Putting it all together
No this post is long enough, so we won’t get into how to assemble it. Although you can watch me do it in high speed here 😀 :
You may notice it’s slightly different from what’s written here with no aftermarket CPU heatsink/fan, no extra case fans and also extra SSD’s? Some changes have been made to make it as it is for my current set up. This should be how it stays sans additional drives and the cages needed for them to sit in.
What if you want to build one yourself? Adding up the costs listed above it comes to ~$560 USD. Not bad considering stand alone NAS devices cost about $200 and then you need to buy the disks for in them. So to get the same storage it would cost between $300 and $400. Cheaper? Yes, but you will need to fork out an additional $200 for every 4 bays you need. You could go even cheaper and just use a HDD sharing feature on your router if available. However there have been issues with Routers making files available to the internet. I just don’t trust consumer routers, and want a dedicated box I can update and apply additional firewall rules on.
So cheaper in the long run and flexibility are what drove me down this path. It also allows me to solve potential issues manually instead of relying on the manufactures firmware (HDD APM anyone?). This level of control certainly isn’t for everyone, but I prefer having flexibility over convenience here.

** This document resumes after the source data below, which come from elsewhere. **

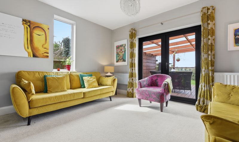 Entering the property, it immediately feels bright and welcoming, with all rooms leading off from the entrance hall. The generous sitting room enjoys a double-aspect and is a wonderfully bright space. Decorated in a pale dove grey shade with cream carpet, the room feels peaceful and is the perfect spot to sit back and relax after a busy day. A painted brickwork wall adds texture, and the fireplace and niches either side provide additional character. There is plenty of space to add a couple of comfy sofas and configure the room to suit your needs. Large patio doors offer access to the terrace and lovely views of the garden and the countryside beyond.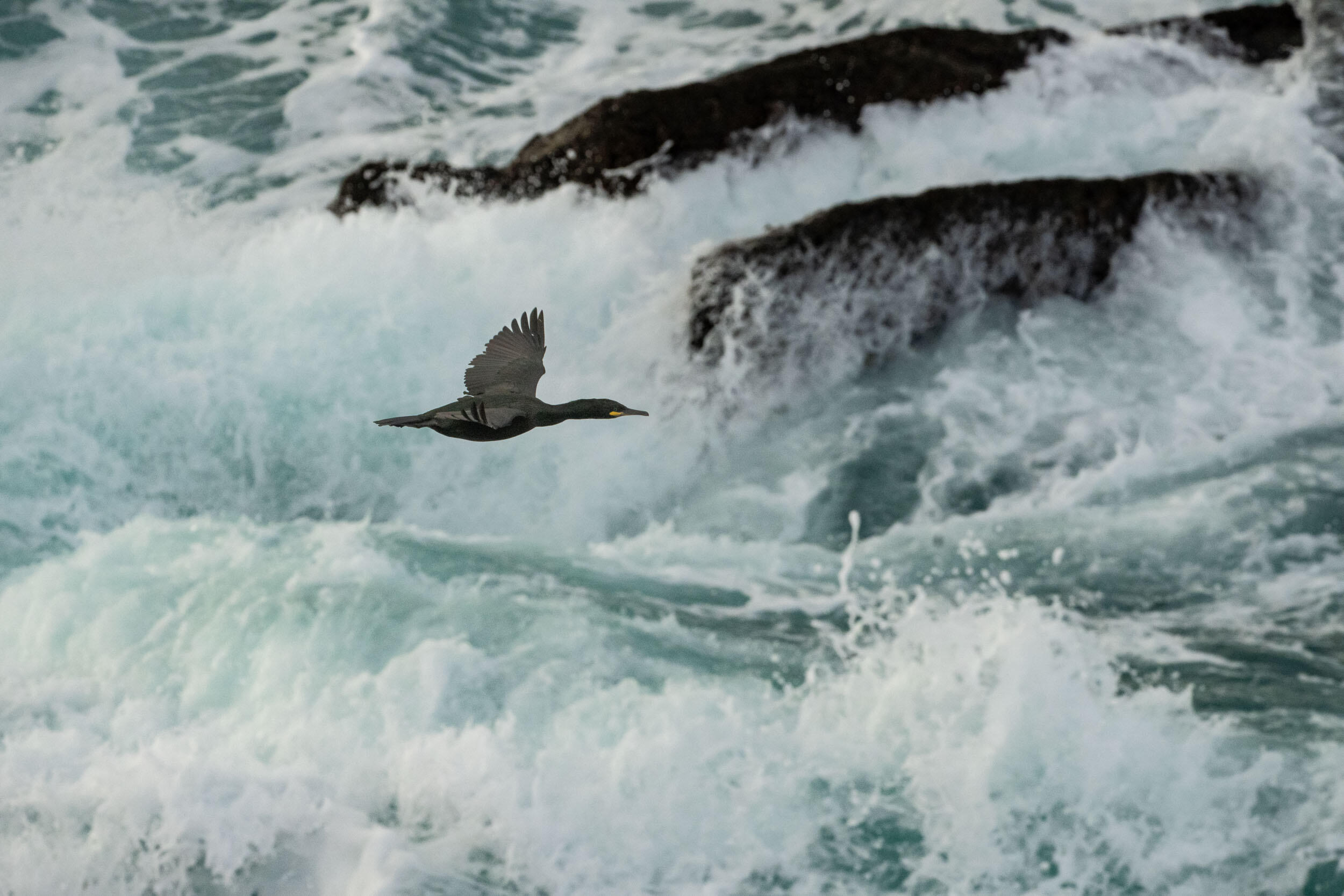 Once on the small promontory, I see that the cormorants, which spend their flight low enough to avoid the spray, often pass close to a place where the waves explode. I see one of them approaching with the right trajectory. I grab my camera, aim, and focus on the subject very quickly —the autofocus doesn't stall as I follow the bird's tricky path. For this entire series of pictures, my goal is to give as much importance to the birds as to the sea, so I must try to have a maximum depth of field in order to also freeze the details of the explosion of the wave in the background. That's why I shot most of the images in this series with apertures around F11 or even F16. This is now possible, as the sensitivity of our camera sensors has increased considerably.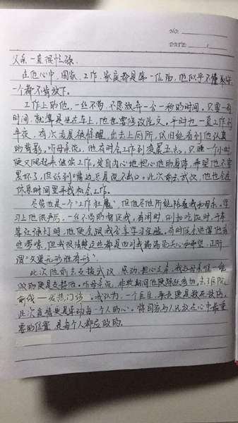 十七年前,张烽的儿子刚出生,如今已经上高二,他给远在前线的父亲写了一封信,信中这样写道:“在我父亲心中,国家、工作、家庭都是第一位的,我与母亲唯一能做的便是支持他。”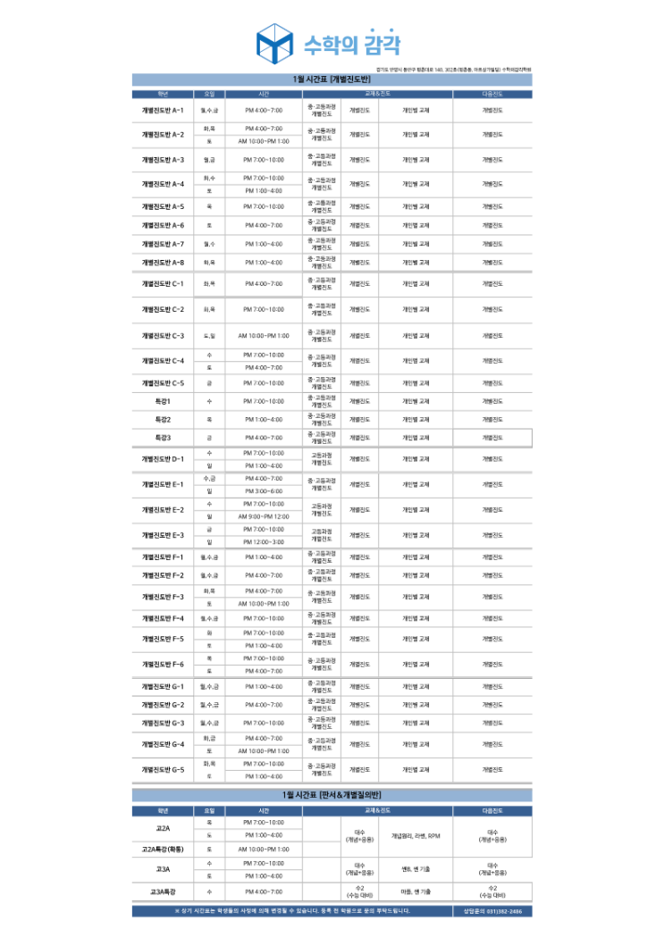 [수학의 감각 평촌] 1월 시간표 안내

After purchasing a Kill-a-watt meter I tested this servers power consumption. Currently with 2 1TB drives and 1 2TB drive it idles around 35watts and peak pull at start up is around 45watts. This is fantastic as my desktop currently idles with twice the power needs (around 80-90watts). Although not tested against using old hardware, if repurposing an old PC would save more energy, this is certainly low enough I don’t have to worry about it drastically contributing to my power bill.
What do you have?
Have you built or bought a home server or NAS? If so I would love to hear how you solutioned this problem! Certainly a full tower running Linux is only one way to solve it and I am fully aware that many opt for FreeNAS and other options instead of rolling their own. So let us all know in the comments what you have used or are currently using!